■ SUPPLIED MATERIAL ■
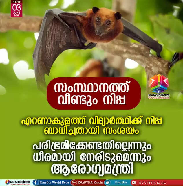 സംസ്ഥാനത്ത് വീണ്ടും നിപ്പ: എറണാകുളത്ത് വിദ്യാര്ത്ഥിക്ക് നിപ്പ ബാധിച്ചതായി സംശയം; പരിഭ്രമിക്കേണ്ടതില്ലെന്നും ധീരമായി നേരിടുമെന്നും ആരോഗ്യമന്ത്രി
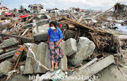 인도네시아 수마트라의 아체지역 여성이 반다 아체에서 폐허가 된 집터에 서 있는 2005년 1월 11일 사진. 지난 2004년 지진과 쓰나미로 인한 인도네시아 사망자수는 105,262명으로 실종자 명단에 포함되어 있는 인원은 10,046명이라고 사회부 관계자가 전했다.
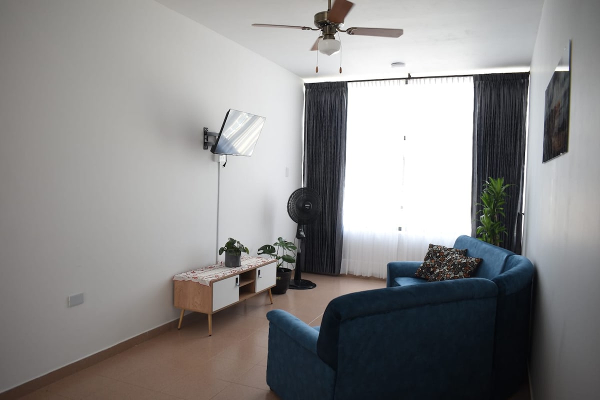 Falleg íbúð með loftkælingu staðsett gott Guadalajara hverfi í Buga.. einkabílastæði, þar eru 3 herbergi með húsgögnum, aðalherbergi með loftkælingu og svefnsófi fyrir aukagistingu. Hér er góð lýsing, stórir gluggar, vel búið eldhús, salernissvæði með þvottavél og pláss fyrir fataslá. Það er staðsett í 5 mínútna fjarlægð frá Basilica of the Lord of Miracles, þar er stórmarkaður, apótek og bestu veitingastaðirnir í kring.
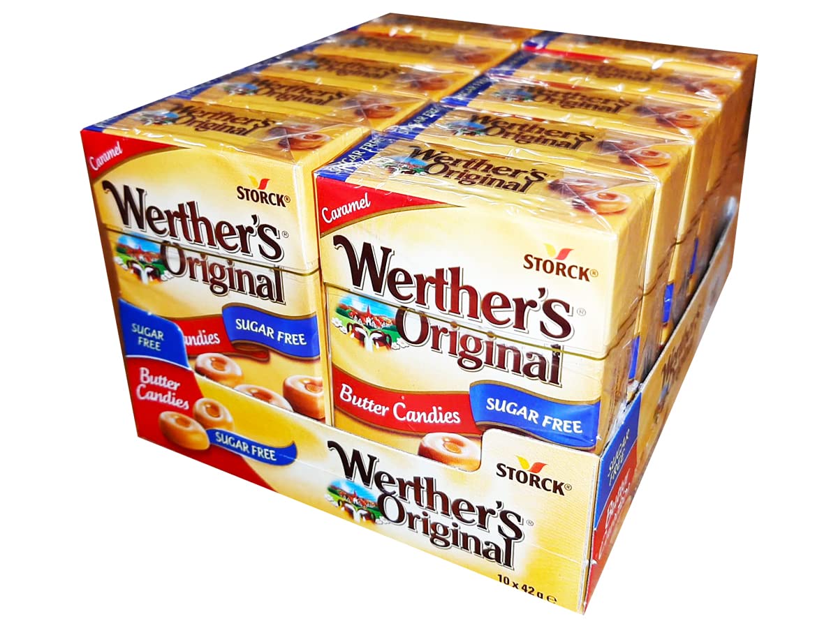 Werthers Sugar Free Butter Candies in a handy flip top box. 10 x 42g boxes suppled.
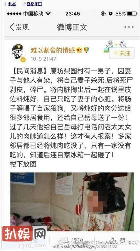 消息顯示,廊坊梨園村有一男子,因妻子與他人有染,將妻子殺害,並剝皮碎屍。
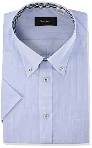 [KONAKA(コナカ)]メンズワイシャツ 半袖 形態安定加工 襟裏デザイン ボタンダウンドレスシャツ メンズ サックスマイクロチェック柄 日本 39-半袖-M (日本サイズM相当)

■ TASK DIRECTIONS ■
Please return all of the material above exactly, minus any pictures.

■ SOLUTION TO THIS TASK ■
 സംസ്ഥാനത്ത് വീണ്ടും നിപ്പ: എറണാകുളത്ത് വിദ്യാര്ത്ഥിക്ക് നിപ്പ ബാധിച്ചതായി സംശയം; പരിഭ്രമിക്കേണ്ടതില്ലെന്നും ധീരമായി നേരിടുമെന്നും ആരോഗ്യമന്ത്രി
 인도네시아 수마트라의 아체지역 여성이 반다 아체에서 폐허가 된 집터에 서 있는 2005년 1월 11일 사진. 지난 2004년 지진과 쓰나미로 인한 인도네시아 사망자수는 105,262명으로 실종자 명단에 포함되어 있는 인원은 10,046명이라고 사회부 관계자가 전했다.
 Falleg íbúð með loftkælingu staðsett gott Guadalajara hverfi í Buga.. einkabílastæði, þar eru 3 herbergi með húsgögnum, aðalherbergi með loftkælingu og svefnsófi fyrir aukagistingu. Hér er góð lýsing, stórir gluggar, vel búið eldhús, salernissvæði með þvottavél og pláss fyrir fataslá. Það er staðsett í 5 mínútna fjarlægð frá Basilica of the Lord of Miracles, þar er stórmarkaður, apótek og bestu veitingastaðirnir í kring.
 Werthers Sugar Free Butter Candies in a handy flip top box. 10 x 42g boxes suppled.
 消息顯示,廊坊梨園村有一男子,因妻子與他人有染,將妻子殺害,並剝皮碎屍。
 [KONAKA(コナカ)]メンズワイシャツ 半袖 形態安定加工 襟裏デザイン ボタンダウンドレスシャツ メンズ サックスマイクロチェック柄 日本 39-半袖-M (日本サイズM相当)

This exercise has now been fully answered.